Untuk itu, selama sepeka terhitung Senin-Sabtu (1-6/82022), di Lapangan Motang Rua, Ruteng diselenggarakan Festival  Kopi oleh Kamar Dagang dan Industri  bekerja sama dengan Kementerian Parekraf, Dekranasda Provinsi NTT, PT IFG, Pemda Manggarai,  BPOLBF, Yayasan Kehati, Ayo Indonesia, Bank NTT, PT Pos, PLN, Pertamina Reo, Bank Mandiri, Bank BRI, Perum Pegadaian, PDAM, MMI, para pengusaha di Kota Ruteng, para pengurus Kadin, Pengurus IWAPI.

Bonefasius Oldam Romas,  selaku Ketua Panitia festival,  kepada media ini menjelaskan banyak hal tentang kegiatan yang sungguh bermartabat ini di Lapangan Motang, Rabu (3/82022).
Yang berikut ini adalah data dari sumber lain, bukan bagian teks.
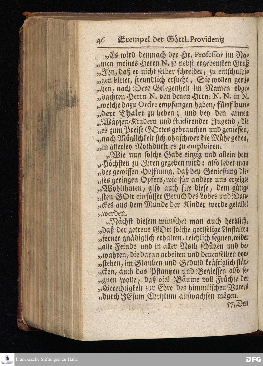 Segens=volle Fußstapfen des noch lebenden und waltenden liebrei=│chen und getreuen GOttes, Zur Beschämung des Unglaubens und Stärckung des Glaubens, entdecket durch eine wahrhafte und umständliche Nachricht von dem Wäysen=Hause und übrigen Anstalten zu Glaucha vor Halle; Welche Im Jahr 1701. zum Druck befördert, ietzo aber zum dritten mal ediret, und bis auf gegenwärtiges Jahr fortgesetzet von August Hermann Francken, S.Theol.Prof.und Past. HALLE, in Verlegung des Wäysen=Hauses, MDCCIX.
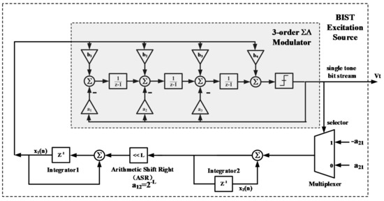 The BIST excitation source in our design is implemented using the ΣΔ resonating circuitry proposed in [49], and its block diagram is shown in Figure 9. The resonator incorporates a ΣΔ modulator in the feedback loop, resulting in concise architecture with an inherent 1-bit ΣΔ modulated output and no need for an area-consuming multibit multiplier. In order to enhance the signal to noise & distortion ratio (SNDR) performance to meet the BIST requirement, the ΣΔ modulator is implemented using 3-order cascode of integrators feedback (CIFB) architecture. The STF of it is set to 1 in order to minimize the introduced phase delay and simplify the selection of loop coefficient a12 and a21.

Berikut penuturan Bonefasius Oldam Romas  selengkapnya :

Pre event, kegiatan panitia dimulai dari Manggarai Timur, mencari kelompok tani  muda yang berminat untuk secara aktif fokus pada kegiatan kopi dari hulu sampai hilir. Kami menemukan satu kelompok tani dengan nama Koker. Setelah melakukan beberapa pendekatan dan dengan bantuan CSR PLN, kami telah memberikan bantuan berupa :  3 unit rumah jemur portable kapasitas 40 kg, 1 unit mesin pulper, 1 unit mesin huller, 1 unit mesin gradder dan 1 unit mesin grinder serta perbaikan rumah UPH.
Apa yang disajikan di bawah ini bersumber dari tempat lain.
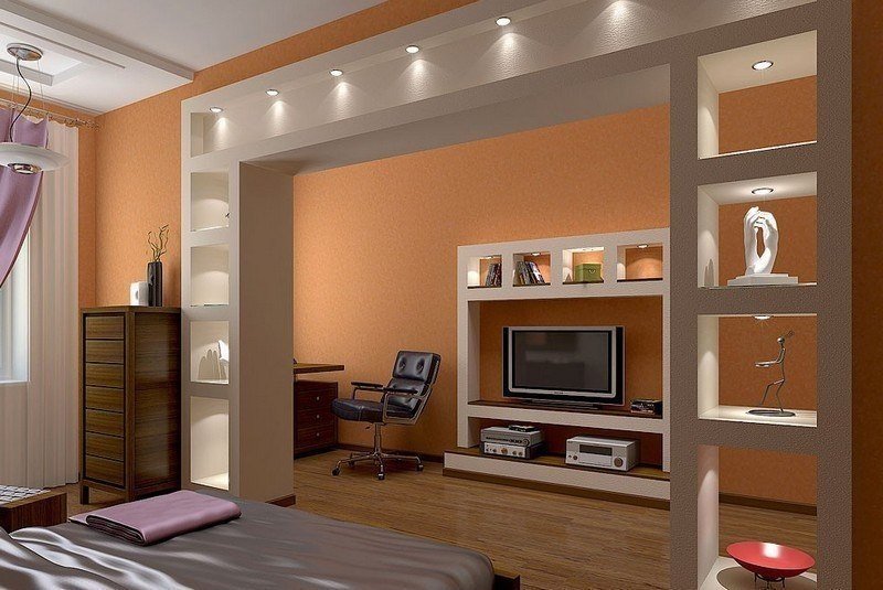 Los nichos de paneles de yeso le permiten ahorrar espacio en la habitación y proporcionar un lugar para almacenar cosas. A diferencia de los estantes, no se colocan en la pared, sino dentro de ella. Dichos diseños pueden realizar funciones prácticas y decorativas al mismo tiempo. Lo más importante en la creación de un nicho es el marco más duradero, que podrá soportar objetos pesados. Después de todo, a veces se les puede colocar un televisor de plasma, jarrones de cerámica y otras cosas. Si el marco no tiene suficiente resistencia, entonces el diseño simplemente se vendrá abajo. Por lo tanto, crea e instala nichos de paneles de yeso Debe un especialista experimentado y calificado.

Selanjutnya  kita pindah ke Manggarai Barat. Bekerja sama dengan Disnakertrans Mabar, mulai tanggal 18 Juni 2022  kami diminta untuk   melakukan pelatihan dasar  Barista (penyaji kopi profesional) sebanyak 32  orang dan pelatihan prosesing kopi sebanyak 16 yang mengambil  tempat di gedung BLK Mabar.